A look at the shareholders of Equitable Group Inc. (TSE:EQB) can tell us which group is most powerful. Large companies usually have institutions as shareholders, and we usually see insiders owning shares in smaller companies. Warren Buffett said that he likes "a business with enduring competitive advantages that is run by able and owner-oriented people." So it's nice to see some insider ownership, because it may suggest that management is owner-oriented.
Equitable Group has a market capitalization of CA$2.2b, so we would expect some institutional investors to have noticed the stock. Our analysis of the ownership of the company, below, shows that institutional investors have bought into the company. Let's take a closer look to see what the different types of shareholders can tell us about Equitable Group.
What Does The Institutional Ownership Tell Us About Equitable Group?
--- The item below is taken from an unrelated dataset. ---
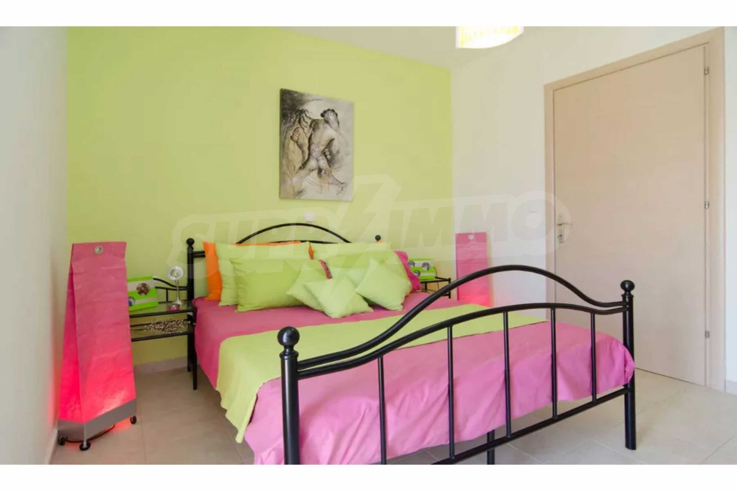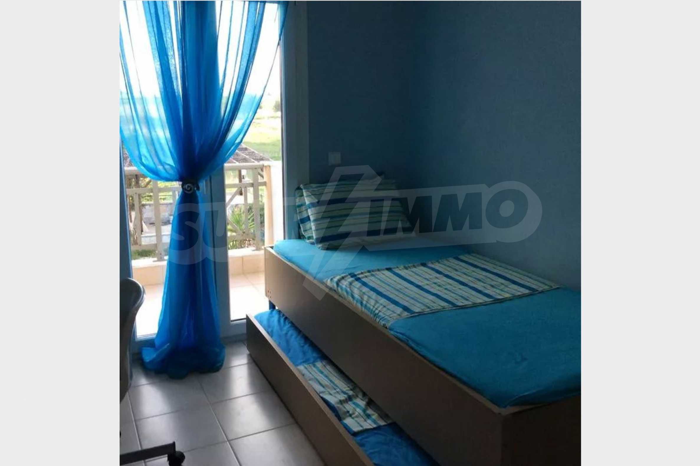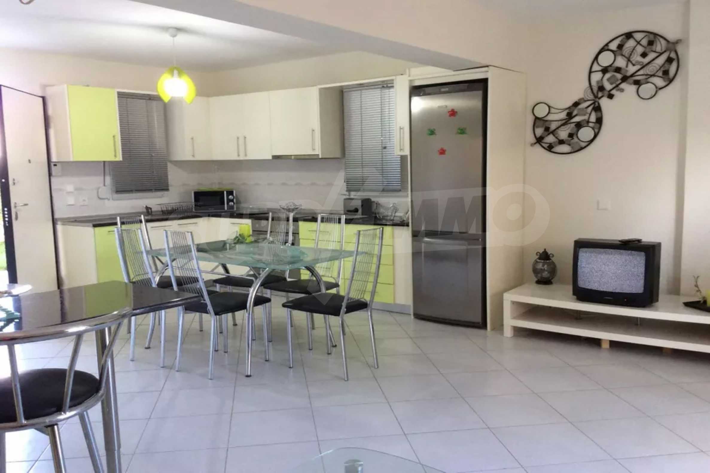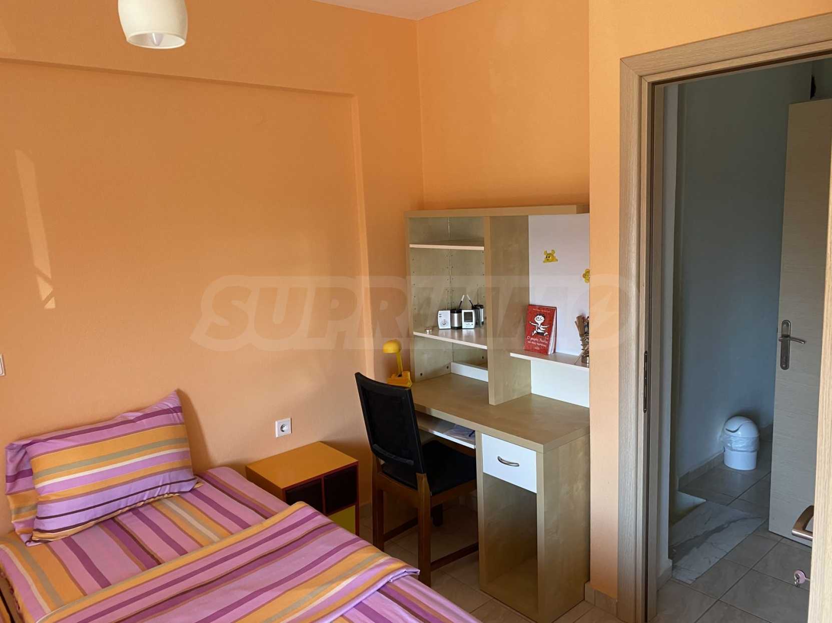 Красив мезонет, 128 кв.м, в Касандра, Халкидики с източна ориентация и с безпрепятствен постоянен изглед. Имотът е на 750 м. от плажа и на 400 м. от центъра на селото. Мезонетът е разделен на три нива, състоящ се от хол, свързан с кухнята, четири спални, пет бани и килер. Имотът също има големи тераси, място за паркиране и PVC дограма ,

Institutions typically measure themselves against a benchmark when reporting to their own investors, so they often become more enthusiastic about a stock once it's included in a major index. We would expect most companies to have some institutions on the register, especially if they are growing.
We can see that Equitable Group does have institutional investors; and they hold a good portion of the company's stock. This implies the analysts working for those institutions have looked at the stock and they like it. But just like anyone else, they could be wrong. It is not uncommon to see a big share price drop if two large institutional investors try to sell out of a stock at the same time. So it is worth checking the past earnings trajectory of Equitable Group, (below). Of course, keep in mind that there are other factors to consider, too.
We note that hedge funds don't have a meaningful investment in Equitable Group. Our data shows that Stephen Smith is the largest shareholder with 19% of shares outstanding. Meanwhile, the second and third largest shareholders, hold 11% and 4.7%, of the shares outstanding, respectively. Additionally, the company's CEO Andrew R. Moor directly holds 1.3% of the total shares outstanding.
After doing some more digging, we found that the top 18 have the combined ownership of 50% in the company, suggesting that no single shareholder has significant control over the company.
While it makes sense to study institutional ownership data for a company, it also makes sense to study analyst sentiments to know which way the wind is blowing. There are plenty of analysts covering the stock, so it might be worth seeing what they are forecasting, too.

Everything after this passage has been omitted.